### [What this task involves]
Write out exactly every line from the one containing "Lees verderAt the" through the final line of the material below, both included. Pictures are to be skipped.

### [Data segment]
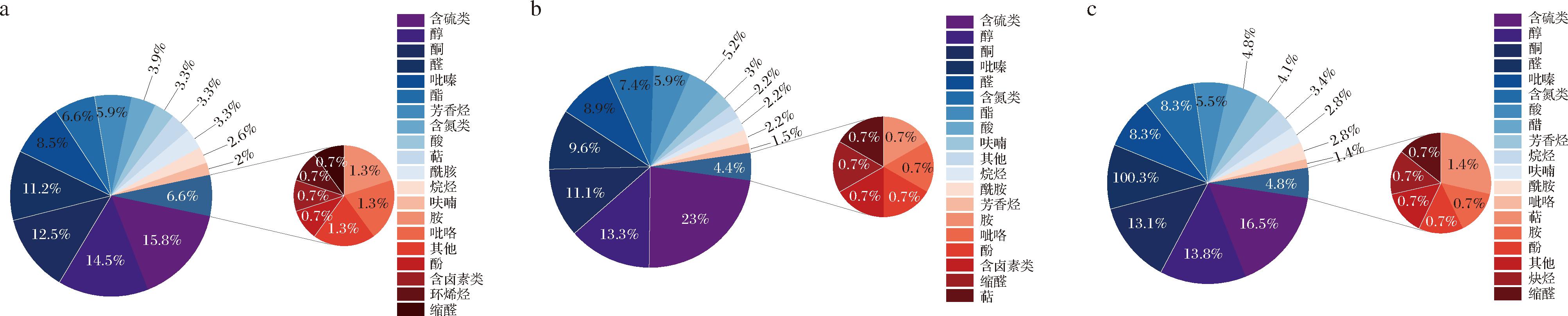采用GC×GC-TOF-MS技术分析了3个产地沙葱的风味物质,总离子流图见图4。3个产地的沙葱中共鉴定出368种风味化合物,包括54种醇类化合物,50种含硫化合物,42种酮,37种醛,31种吡嗪,30种酯,25种含氮类化合物,24种芳香烃,13种酸,11种烷烃,10种萜,8种酰胺,7种呋喃,6种其他类化合物,4种胺,3种吡咯,3种含卤素类化合物,2种醚,1种酚,1种环烷烃,1种环烯烃,1种炔烃,1种缩醛,1种烯烃。其中SC1、SC2、SC3分别检测出152、135、145种化合物。
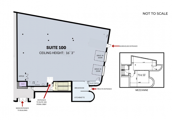 | Description: Suite 100 is a 7,406 RSF industrial flex space with full HVAC for lease at $20/RSF Gross + Utilities. The warehouse space is accessible through two private entrances and two drive-in doors for seamless street-level loading. It is equipped with heavy power (2,000 amps), a 16' 3” ceiling height, an office, a kitchenette/breakroom, and a private restroom with a shower. Overlooking the warehouse is a 704 SF mezzanine, which includes two additional offices, adding functional workspace to the unit. | |
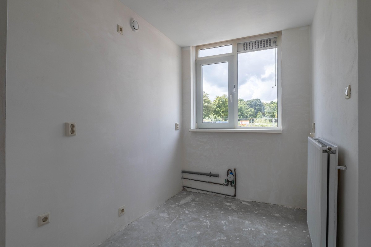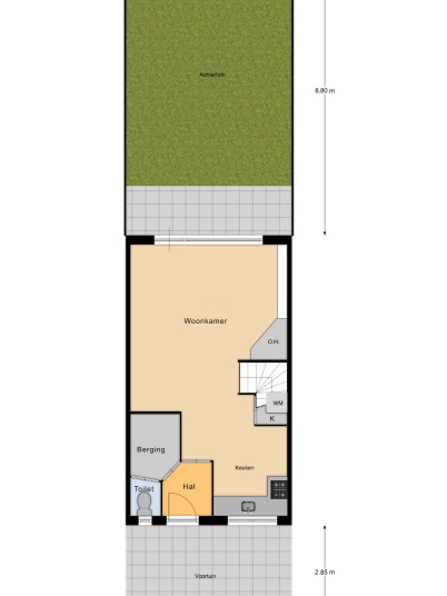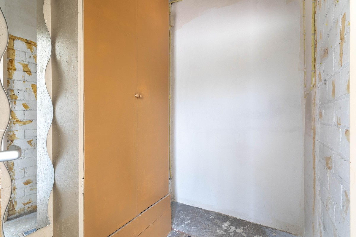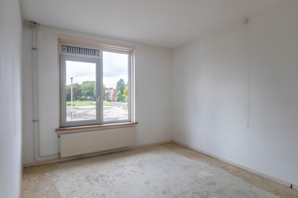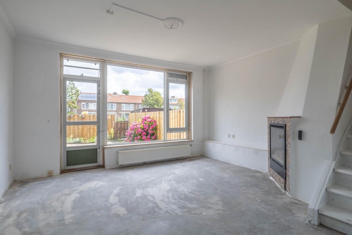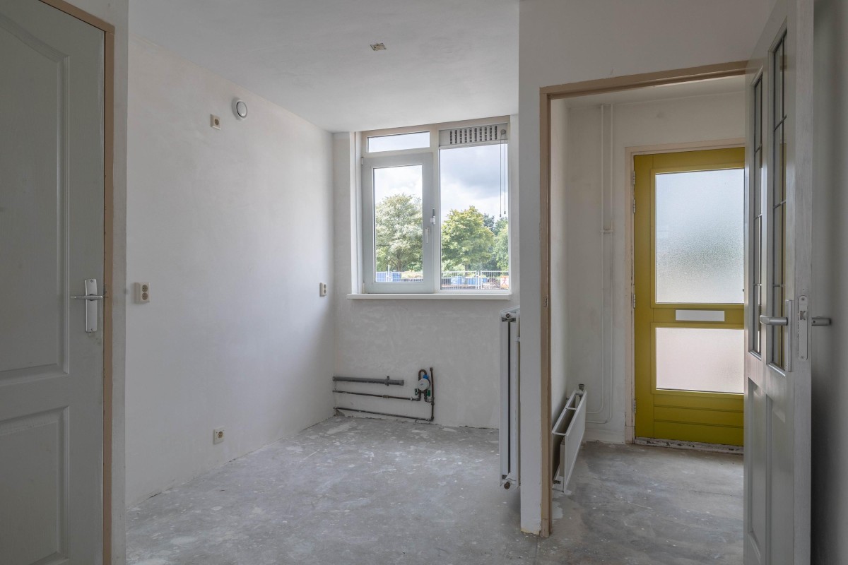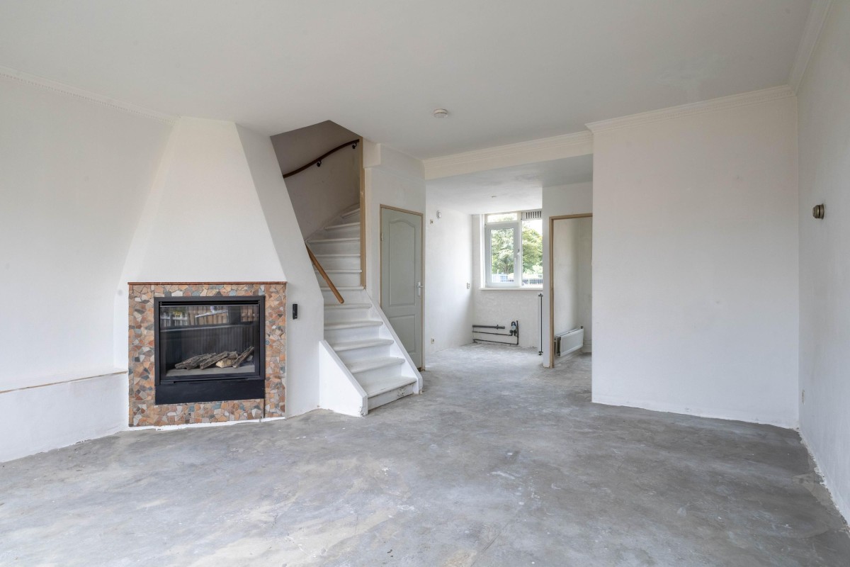 Lees verderAt the front of the property, you’ll find the kitchen in shell condition, ready for you to finish to your own preferences. Under the staircase is a practical storage cupboard with the connection for the washing machine. At the rear is the bright living room with an open fireplace. The garden door in the living room opens onto the approximately 44 m² backyard, facing east. Here, you can enjoy the sun and the surrounding greenery. The garden also features a back entrance.
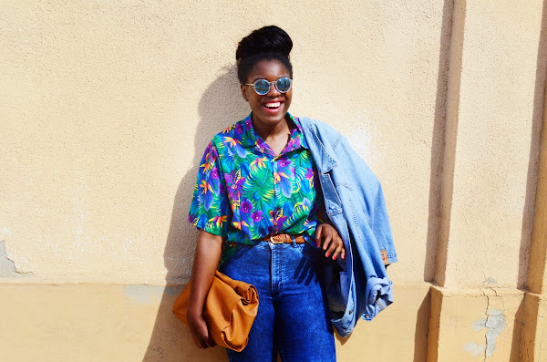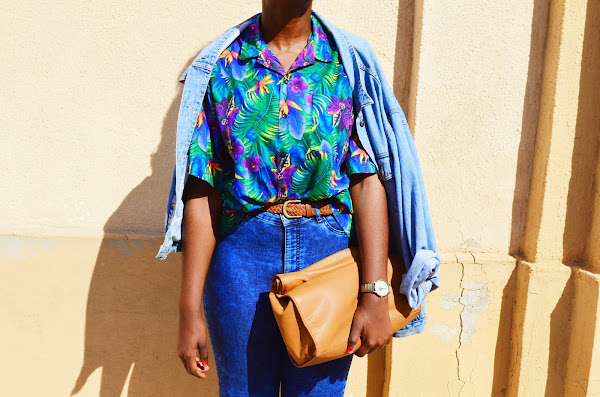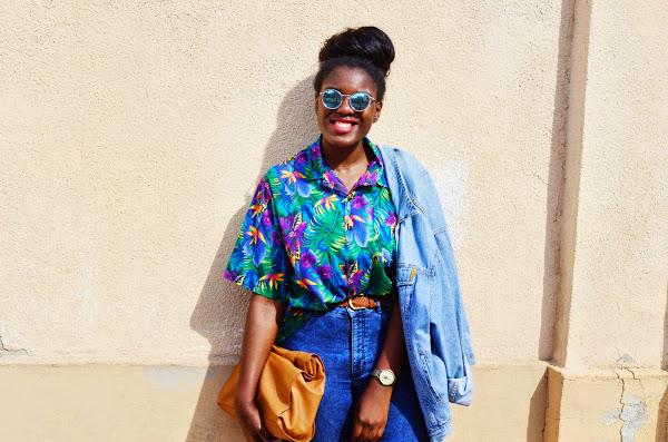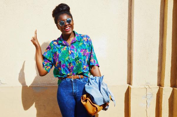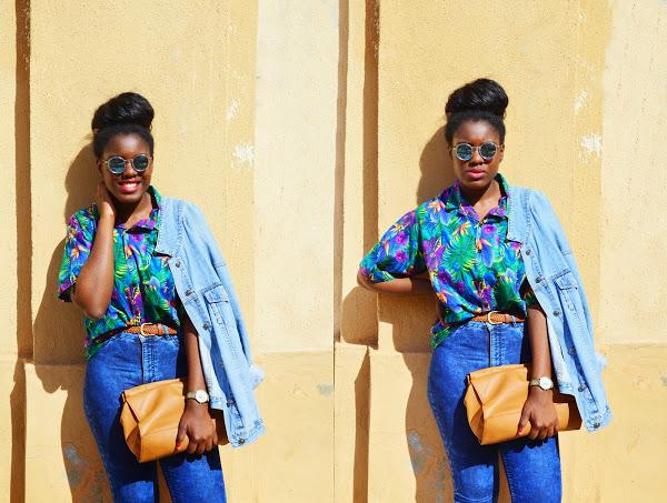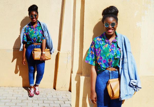 Camisa Hawaina : Flamingos Vintage Kilo Murcia / Chaqueta Denim : Vintage / Clutch : Zara (old) / Vaqueros altos : H&M (old) / Sneakers : Zatroshop / Gafas : Zara (old)

### [Output]
 Lees verderAt the front of the property, you’ll find the kitchen in shell condition, ready for you to finish to your own preferences. Under the staircase is a practical storage cupboard with the connection for the washing machine. At the rear is the bright living room with an open fireplace. The garden door in the living room opens onto the approximately 44 m² backyard, facing east. Here, you can enjoy the sun and the surrounding greenery. The garden also features a back entrance.
 Camisa Hawaina : Flamingos Vintage Kilo Murcia / Chaqueta Denim : Vintage / Clutch : Zara (old) / Vaqueros altos : H&M (old) / Sneakers : Zatroshop / Gafas : Zara (old)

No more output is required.